Dear Sue Ellen
My 2-year-old daughter eats paper. The other day I found her digging in the garbage and eating newspaper. She eats toilet paper, newspaper, paper towels and anything paper she can get her hands on. I scream at her and tell her to stop, but she won’t.
Children are eaters of strange things. When my daughter was two I discovered her eating dog food out of the pet bowl. I have been told by my older brother that I ate dirt when I was a toddler (with a spoon of course). A friend told me her little boy would eat bugs. I think grown-ups are eaters of strange things too. I watched a man eat a spider once. Kids eating paper isn’t that uncommon, especially in school. Ever hear of spit wads? I bet a few of them have been digested over the years. I was in my granddaughter’s second grade class to read a story one time and I watched in horror as a beautiful little girl daintily put her finger in her nose and…. you know the rest of the story.

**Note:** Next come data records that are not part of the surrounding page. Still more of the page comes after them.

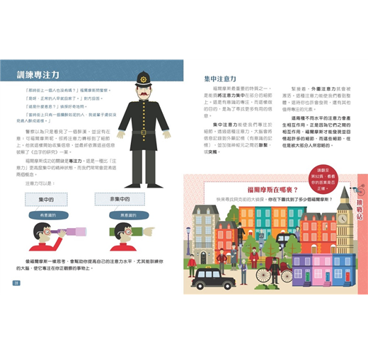 以大量有趣的圖像,簡單扼要地解釋不同的破案技能及大腦的工作,增添孩子閱讀趣味。
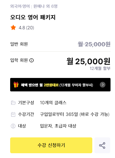 월 약 3만원 수준으로 1년동안 들을 수 있네요.
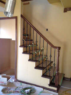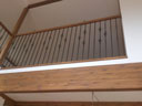 階段、吹き抜けには、アイアンと木を組み合わせた手すりを。吹き抜けの手すりはちょっと高めなので、高いとこが怖い人でも大丈夫ですね。木のパーツもすべて、綺麗に塗って頂きました。 |
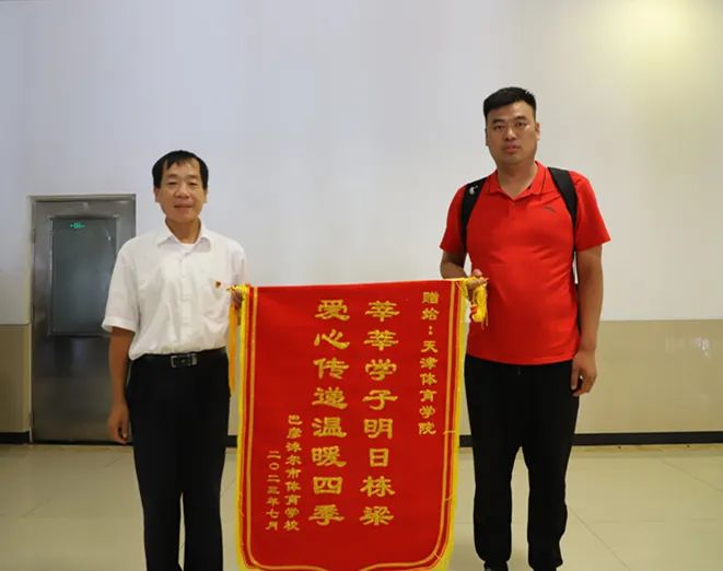 帶隊教師徐福振向張衛國轉交了巴彥淖爾市支教學校向我校贈送的錦旗。
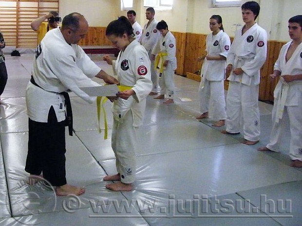 sárga csík (6. kyu) és nyolcan sárga öv (5. kyu) fokozatra. A vizsga utáni
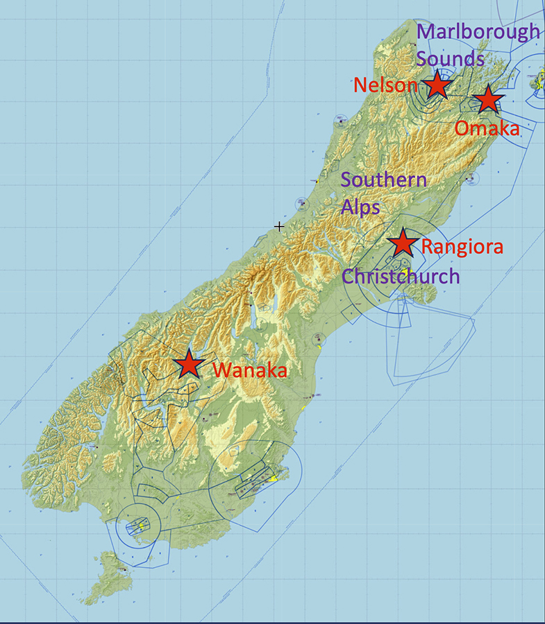 Leaving Rangiora, we flew up the coast to the north, passing Kaikoura Aiport, NZKI, a 700m paved strip 4 NM southwest of Kaikoura at Peketa, 180 km north of Christchurch, but we elected not to land there due to the weather. The Kaikoura area was heavily damaged by the 2016 earthquake, which uplifted the bay and surrounding region by as much as 2m. There are often sperm whales and pods of dolphins in this area but we did not see any.
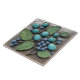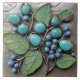 Sculptured Blueberry mosaic ceramic tile features a beautiful arrangement of sculptured blueberries and intricate green sculptured leaves, some turquoise stones were added set against a backdrop of shimmering silver back drop. The intricate details and vintage-inspired design create a timeless piece of art that will add elegance to any space.
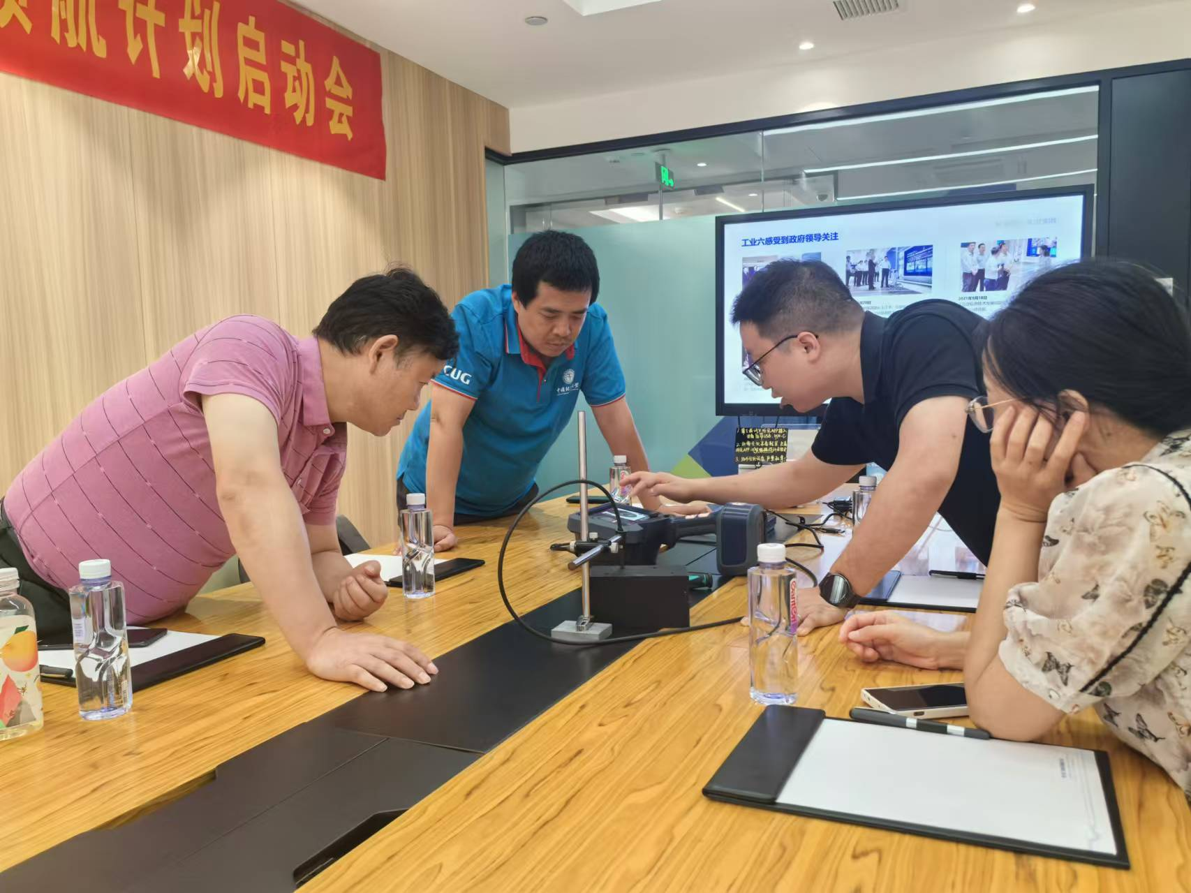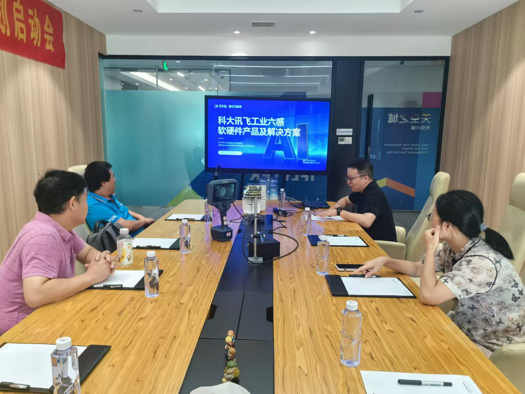 8月12日下午,科大讯飞工业智能研究院。研究院副经理、公司2007级员工李俊对参访团一行表示热烈欢迎,并陪同参观了公司展厅,体验了科大讯飞赋能教育、医疗、城市、工业等行业的成效。李俊还重点介绍了科大讯飞工业六感软硬件产品及解决方案,老师们还现场体验了工业内窥镜的神奇之处。双方就实习实训、校企合作等内容进行了深入交流。

You might want to ask a nurse or your daughter’s pediatrician about it to make sure it isn’t affecting her health. Will she grow out of it? Hopefully because when she is in middle school and kids see her eating her test paper with a bad grade on it, they will make fun of her
and even worse, you will never see the test.
How often do you scream at your toddler? There are times when screaming is necessary. If your daughter is about to chase a ball into oncoming traffic, you must get her to stop and it may include shouting at her. Screaming at children can be traumatic and put them at risk for emotional abuse. The words we use to communicate with our children matter. There has been a lot of research about child abuse. Emotional abuse is defined as using hateful, demeaning, unloving or critical words. People usually raise their voices when they are frustrated, afraid or angry. Are you screaming at your toddler because you are frustrated? I am not saying that you are guilty of emotionally abusing your child. I am just suggesting there might be a better way to guide her without screaming at her. Toddlers are impulsive and inquisitive. They are learning boundaries and need the loving support of parents to teach and redirect. If you feel that you are constantly having to punish your child, you may be the one out of control, and not your child. I am not shouting at you when I say this. I am lovingly trying to redirect your behavior. Shouting at a two-year-old for eating paper is probably too harsh.